The award is co-sponsored by the Council of Chief State School Officers and the publishing company Scholastic Inc.

Whirry taught English from 1967 until 2000 at Mira Costa High School in the Manhattan Beach School District. She also headed the school’s English department, overseeing 90 sections of English and mentoring teachers.

She estimated that she had taught English to more than 4,000 students and given more than 350 workshops for teachers across the country on reading, writing, standards and assessment and what she called “collaborative learning.”

Known for her enthusiasm and motherly prodding, Whirry insisted that her students participate in discussions, critiquing one another and even her, as part of that collaborative process.

That’s “where real learning comes from, the ability to ask sincere and sensible questions, the ability to analyze and synthesize and get ideas together so that one can begin thinking for oneself,” she told CNN in 2000.

She never gave her own students time or opportunity for boredom.

“We don’t want kids to be bored.

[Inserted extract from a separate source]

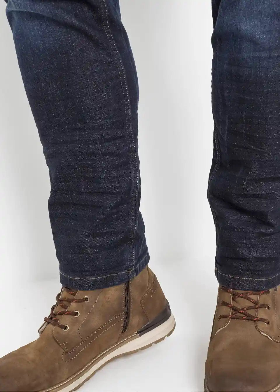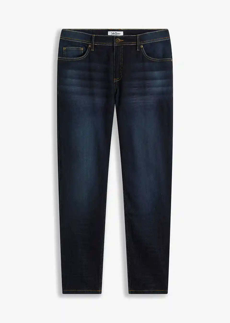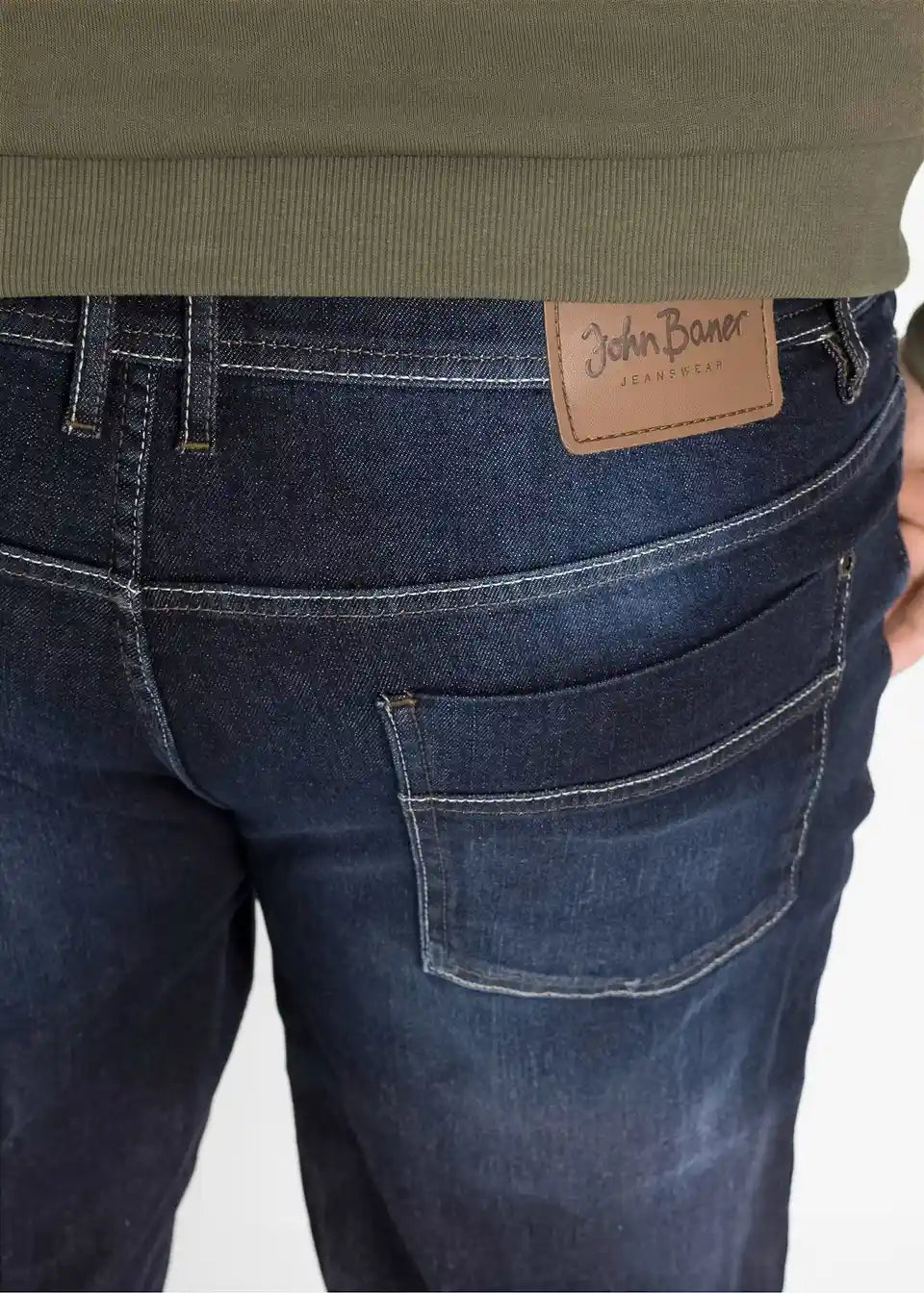 S hlačami Slim Fit Tapered iz raztegljivega jeansa znamke John Baner je mogoče ustvariti sproščene kombinacije oblačil. Priljubljen videz ustvarjata pranje Used in trajne gube. Zaradi svoje ozke oblike z ravnimi hlačnicami se hlače odlično prilagajajo postavi in so udobne za nošenje. Srajca iz džinsa in superge lepo dopolnijo hlače Slim Fit Tapered za moderen videz.

We want them to be thrilled with what they learn,” she told PBS’ “NewsHour With Jim Lehrer” at the time of her award. “I run primarily a Socratic seminar-type class but a lot of small-group discussions. I very early on got rid of my desk because they prevent good thinking; they prevent good discussion in a classroom.... I got some tables and some beanbag chairs and put kids in clumps of people talking about ideas, analyzing, synthesizing, developing ideas.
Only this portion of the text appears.